Binary Set Similarity Coefficient (Easy) — Practice with Code Visualizer

In machine learning and data science, measuring the similarity between two binary sets is a fundamental task for evaluating classification models, clustering algorithms, and recommendation systems. One of the most intuitive and widely-used metrics for this purpose is the Intersection-over-Union (IoU) coefficient, also known as the set overlap ratio.

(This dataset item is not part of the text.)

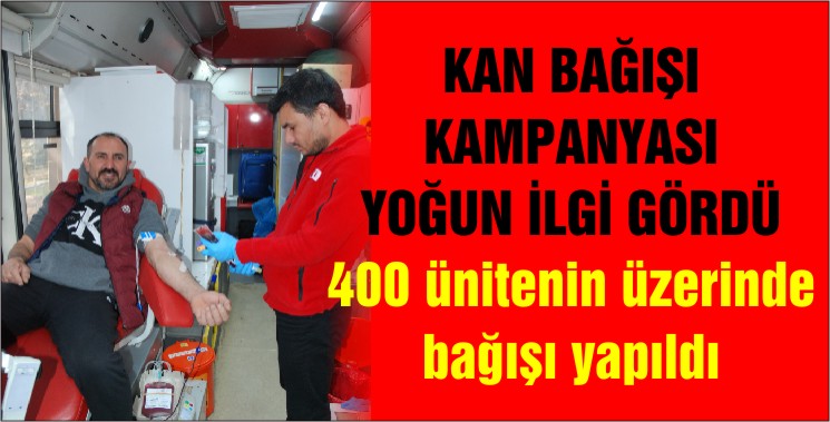 Türkiye kızılar Derneği tarafından ilçemizde 6 gün boyunca düzenlenen kan bağışı kampanyasında yaklaşık 400 ünitenin üzerinde kan bağışı yapıldığı bu rakam ile bu güne kadar yapılan bağışların en çok sayısı olduğu edinilen bilgiler arasında yer aldı.

Given two binary arrays representing ground truth labels and predicted labels, this metric quantifies how well the predictions align with the actual values by computing the ratio of matching positive elements to the total number of distinct positive elements across both sets.

Mathematical Definition:

The similarity coefficient is calculated using the following formula:

$$\text{Similarity Coefficient} = \frac{|A \cap B|}{|A \cup B|}$$

Where:

A represents the set of positions where the actual labels equal 1 (true positives in ground truth)
B represents the set of positions where the predicted labels equal 1 (predicted positives)
|A ∩ B| is the count of positions where both actual and predicted labels are 1 (intersection)
|A ∪ B| is the count of positions where at least one of the labels is 1 (union)

Interpretation:

A coefficient of 0.0 indicates complete disagreement—there is no overlap between the sets of positive predictions and actual positives
A coefficient of 1.0 indicates perfect agreement—the predicted positives exactly match the actual positives
Values between 0 and 1 represent partial overlap, with higher values indicating better prediction quality

Edge Case Handling: When both binary arrays contain only zeros (neither the ground truth nor predictions have any positive labels), the union is empty. By convention, this scenario should return 0.0 since there are no positive elements to compare.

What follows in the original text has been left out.